我正在使用本地 kubeflow 管道构建连续机器学习测试项目。我有一个使用 TFX 预处理数据的管道,它会自动将输出保存到 minio。在此管道之外,我想使用 tfx 的 Trainer 训练模型,但我需要在预处理管道中生成的工件。是否有导入此输出的实施方式?我查看了文档和一些问题,但找不到答案。而且因为我正在尝试连续进行,所以我不能依赖手动进行。
我的预处理管道示例:
@kfp.dsl.pipeline(
name='TFX',
description='TFX pipeline'
)
def tfx_pipeline():
# DL with wget, can use gcs instead as well
fetch = kfp.dsl.ContainerOp(
name='download',
image='busybox',
command=['sh', '-c'],
arguments=[
'sleep 1;'
'mkdir -p /tmp/data;'
'wget <gcp link> -O /tmp/data/results.csv'],
file_outputs={'downloaded': '/tmp/data'})
records_example = tfx_csv_gen(input_base=fetch.output)
stats = tfx_statistic_gen(input_data=records_example.output)
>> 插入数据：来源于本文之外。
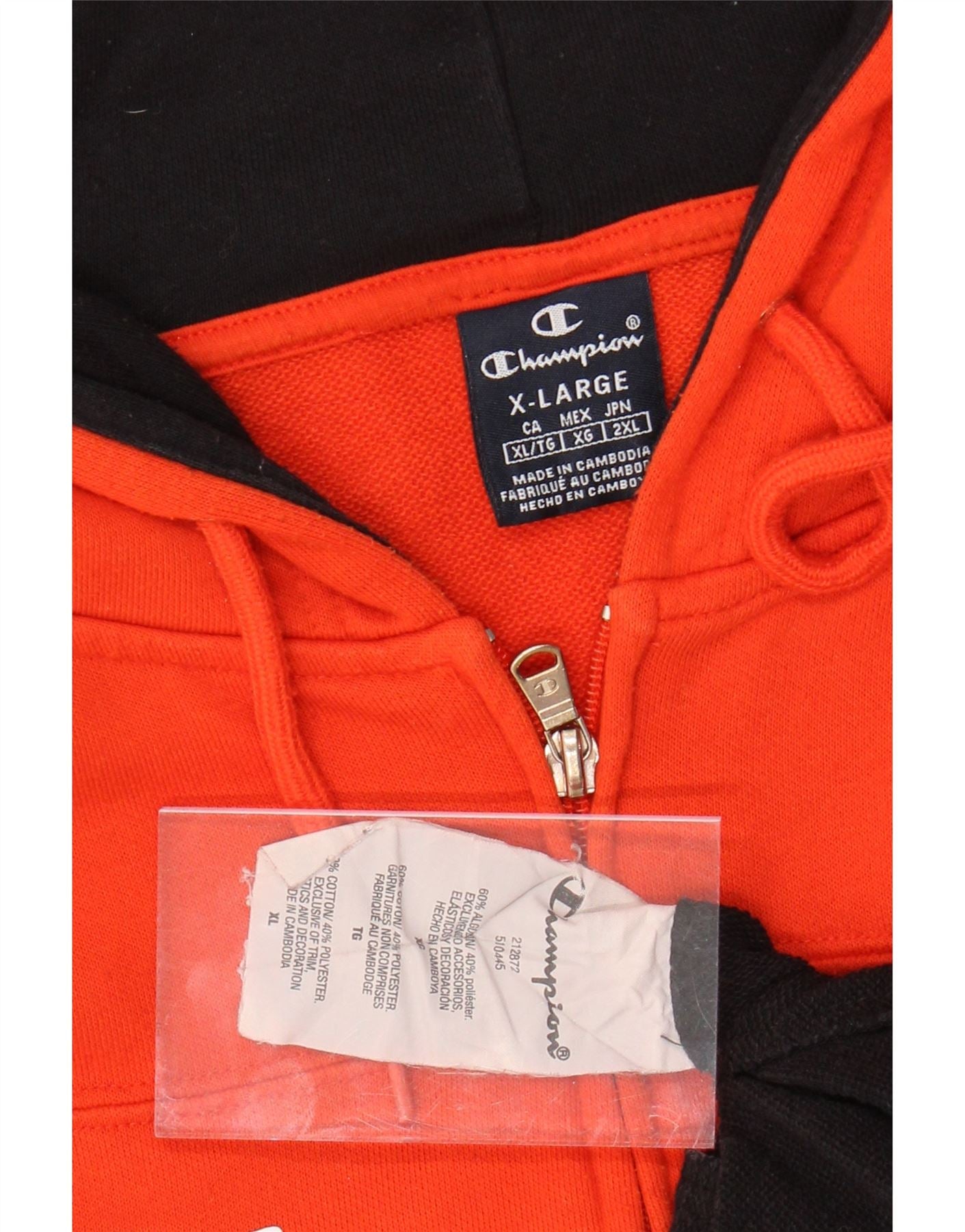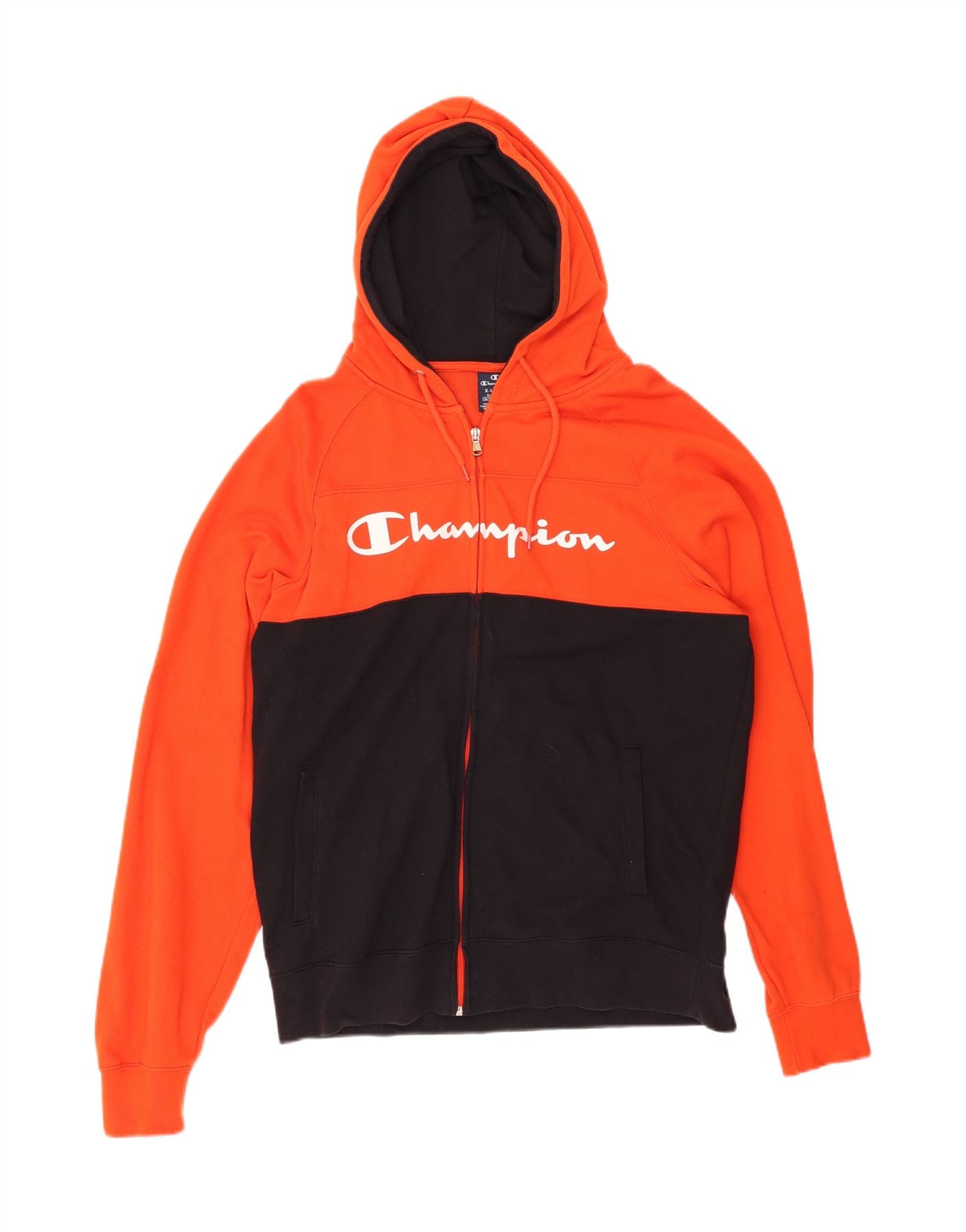 CHAMPION Suéter con capucha y cremallera gráfica para hombre XL Algodón con bloques de color naranja

schema_op = tfx_schema_gen(stats.output)
tfx_example_validator(stats=stats.outputs['output'], schema=schema_op.outputs['output'])
#tag::tft[]
transformed_output = tfx_transform(
input_data=records_example.output,
schema=schema_op.outputs['output'],
module_file=module_file) # Path to your TFT code on GCS/S3
#end::tft[]
然后用
执行
kfp.compiler.Compiler().compile(tfx_pipeline, 'tfx_pipeline.zip')
client = kfp.Client()
client.list_experiments()
#exp = client.create_experiment(name='mdupdate')
my_experiment = client.create_experiment(name='tfx_pipeline')
my_run = client.run_pipeline(my_experiment.id, 'tfx',
'tfx_pipeline.zip')
我正在 visual studio 代码中开发 .ipynb
您可以获得这样的信息:
https://github.com/kubeflow/pipelines/issues/4327#issuecomment-687255001
component_name:这可以在管道的 yaml 定义中检查,在 templates.name
下(搜索包含您想要的输出的组件)
artifact_name:这也可以在管道的 yaml 定义中检查,在同一组件下 outputs
属性
得到这两个参数后,就可以使用上面描述的函数了url:
#!/usr/bin/env python3
import json
import tarfile
from base64 import b64decode
from io import BytesIO
import kfp
def get_node_id(*, run_id: str, component_name: str, client: kfp.Client):
run = client.runs.get_run(run_id)
workflow = json.loads(run.pipeline_runtime.workflow_manifest)
nodes = workflow["status"]["nodes"]
for node_id, node_info in nodes.items():
if node_info["displayName"] == component_name:
return node_id
else:
raise RuntimeError(f"Unable to find node_id for Component '{component_name}'")
def get_artifact(*, run_id: str, node_id: str, artifact_name: str, client: kfp.Client):
artifact = client.runs.read_artifact(run_id, node_id, artifact_name)
# Artifacts are returned as base64-encoded .tar.gz strings
data = b64decode(artifact.data)
io_buffer = BytesIO()
io_buffer.write(data)
io_buffer.seek(0)
data = None
with tarfile.open(fileobj=io_buffer) as tar:
member_names = tar.getnames()
if len(member_names) == 1:
data = tar.extractfile(member_names[0]).read().decode('utf-8')
else:
# Is it possible for KFP artifacts to have multiple members?
data = {}
for member_name in member_names:
data[member_name] = tar.extractfile(member_name).read().decode('utf-8')
return data
if __name__ == "__main__":
run_id = "e498b0da-036e-4e81-84e9-6e9c6e64960b"
component_name = "my-component"
# For an output variable named "output_data"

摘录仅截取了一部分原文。